═════ Supplied entries ═════
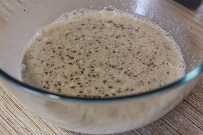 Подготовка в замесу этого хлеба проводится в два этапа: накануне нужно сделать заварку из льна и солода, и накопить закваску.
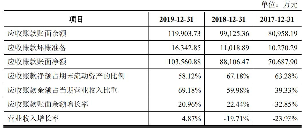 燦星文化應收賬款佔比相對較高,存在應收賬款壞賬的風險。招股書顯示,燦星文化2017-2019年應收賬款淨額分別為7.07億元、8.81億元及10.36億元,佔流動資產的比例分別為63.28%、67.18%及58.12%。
═════
═════ Supplied entries ═════
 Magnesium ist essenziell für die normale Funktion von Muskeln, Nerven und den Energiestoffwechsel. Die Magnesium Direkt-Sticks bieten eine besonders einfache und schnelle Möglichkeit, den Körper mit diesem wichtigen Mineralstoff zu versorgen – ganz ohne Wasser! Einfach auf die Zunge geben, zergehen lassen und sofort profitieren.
═════
═════ Supplied entries ═════
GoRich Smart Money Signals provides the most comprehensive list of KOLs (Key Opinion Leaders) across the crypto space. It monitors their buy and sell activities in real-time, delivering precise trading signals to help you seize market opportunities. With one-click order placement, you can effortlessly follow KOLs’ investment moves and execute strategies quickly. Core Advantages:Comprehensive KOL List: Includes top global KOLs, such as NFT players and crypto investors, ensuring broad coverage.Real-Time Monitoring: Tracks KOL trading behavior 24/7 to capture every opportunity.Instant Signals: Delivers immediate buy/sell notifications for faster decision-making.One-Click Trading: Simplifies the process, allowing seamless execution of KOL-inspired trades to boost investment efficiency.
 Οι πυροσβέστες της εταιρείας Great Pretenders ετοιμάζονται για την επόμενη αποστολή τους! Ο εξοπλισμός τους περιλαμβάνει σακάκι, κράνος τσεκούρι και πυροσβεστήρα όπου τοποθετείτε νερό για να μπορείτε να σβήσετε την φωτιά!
═════
To do ::
Range to copy from the listing above: the line with "Подготовка в замесу" through the line with "燦星文化應收賬款佔比相對較高". Transcribe it exactly and skip the pictures.

Solution to this task ::
 Подготовка в замесу этого хлеба проводится в два этапа: накануне нужно сделать заварку из льна и солода, и накопить закваску.
 燦星文化應收賬款佔比相對較高,存在應收賬款壞賬的風險。招股書顯示,燦星文化2017-2019年應收賬款淨額分別為7.07億元、8.81億元及10.36億元,佔流動資產的比例分別為63.28%、67.18%及58.12%。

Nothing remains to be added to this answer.